SiteExperts.com Logo Home | Community | Developer's Paradise | Jobs
User Groups | Site Tools | Site Information | Search

Inside Technique : Hiding HTML/SCRIPT... I think it IS possible! : Covering the Tracks

You may be thinking to yourself "This is all good and well, it's difficult to make a proper request to obtain the real code, and it looks a lot like the fake code.
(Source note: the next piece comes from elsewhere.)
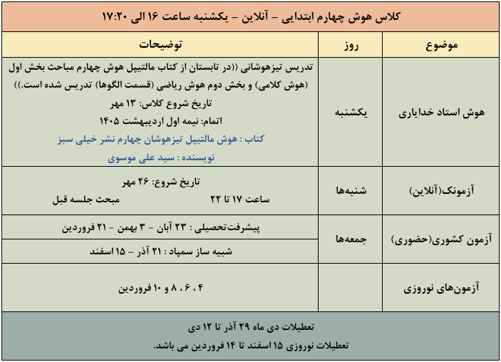 کلاس هوش چهارم آنلاین – یکشنبه (استاد خدایاری)

But the browser has already done the work of downloading the real code, I don't need to go back out to the website". Along the same lines is the famous Holophrastic quote (regarding image protection) "if I can see the image, it's already mine." (here) This is true, especially from a practical standpoint. Let's pretend for a second I did come up with a way to hide JavaScript source with no chance of cracking it. So what? You still see what the code does, you can always obtain the document's current HTML and work your way back to an equivalent source code, and Images can always be screen captured. However, this isn't real life, it's a game. And I control the rules! Rule #1 the objective is not to recreate the hidden code's functionality. It is to find the original code in its complete unencoded form. Rule #2 it is my unquestionable porogotive to write any code in such a way that it will only properly execute in only the environment of my choosing. And I choose Internet Explorer 6. Obviously my rules cannot and do not prevent challengers from trying with another User Agent, but I'm 99.99% sure that it will not properly execute in any other user agent without alteration*.
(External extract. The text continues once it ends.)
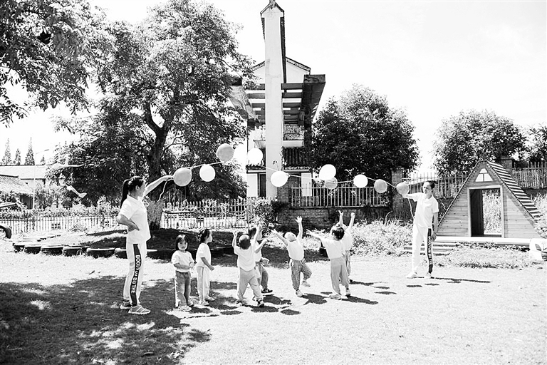9月5日,四川泸州白酒产业园区天骄托育园的老师带领孩子们做游戏。 新华社记者 江宏景 摄

* Actually the code executes perfectly fine on all Win32 versions IE5.5 and above, you just have to change IE's user agent string to contain "MSIE 6" so that the right code is downloaded. I could have even made it work with IE5.0 but I only wanted to run extensive tests with 1 browser version so I made the arbitrary decision of IE6 only :)

There are 2 primary reasons I chose MSIE6 as the only browser with the ability to run the hidden code:

  1. I know what to expect. I've done a lot of work with Internet Explorer, and I know it's Scripting Object Model very well. I was confident that when limited to Internet Explorer I could erase all traces of the real code and replace them with the fake code. As it turns out I was wrong, I overlooked a <script> element that contained the JScript.Encode version of the real code. BachusII discovered this which ultimately led him to the solution. In the beginning of the development of this game I had attempted to make it work with Mozilla (I tested with FireFox 0.8), but could not make it uncache the real script once it was done executing. I knew then that I had to make it Microsoft Specific.
  2. Internet Explorer is a Microsoft Owned, closed source browser. Custom debug build versions of Internet Explorer and JScript engine don't (or at least shouldn't) exist outside of Microsoft*. With Mozilla for instance, a log of every JavaScript statement parsed by the engine could be made. Maybe the same thing could be done with the JScript engine, but that information is not readily available. In fact there doesn't seem to be any public documentation on the inner workings of JScript, unlike MSHTML. This mysterious void works heavily in my favor.

    * No debug versions of IE are available, but an IE debugger is. I have a defense against that too though which I'll cover later on.

There are a couple of ways I attempt to thwart other browsers from downloading, thus caching the real code. The first level of defense is also the easiest to bypass: Server Check of the HTTP User-Agent variable. All popular browsers have a way of changing the User Agent that isn't too difficult. It's even easier to set when working with a programmatic HTTP component/library. Nevertheless, every bit helps and a check for "MSIE 6" is in place.

The second check happens client side in hide.asp. I'm don't know if anyone thought to do this but I was afraid that someone would attempt to take a Mozilla browser and configure it to appear as though it were Internet Explorer. Then they could bypass all my IE hacks and have a cached version of the real code. Aside from the user agent string and other client side Identification properties that can be spoofed by Mozilla, Internet Explorer specific objects like document.all and swapNode() could also be easily added to Mozilla's Object model. I needed something that would be very complicated to replicate, something that would be dynamic. I ended up querying the highly proprietary document.namespaces collection for a namespace with a randomly generated urn property. It's not foolproof but it would take a lot of work to make a non Internet Explorer browser evaluate this statement as true without throwing exceptions.

if(document.namespaces[0].urn=="urn:pRandomNumber")

So that's the deal with the custom XML namespace. I just didn't want the real code to have a chance to be downloaded by a non Internet Explorer browser.

It could be argued that using Windows Script Encoded JScript also adds a level-in fact, the ultimate level of defense against Non IE Browsers running the real code. However this does me no good. If a non Internet Explorer browser even has the chance to evaluate the real code I've already lost. The browser will cache it, throw some exceptions over the JScript.Encode encoded script and leave it in memory for easy viewing. I designed the client side script of hide.asp so that only Internet Explorer has the chance to make a proper request to hidden.asp thus downloading the real code.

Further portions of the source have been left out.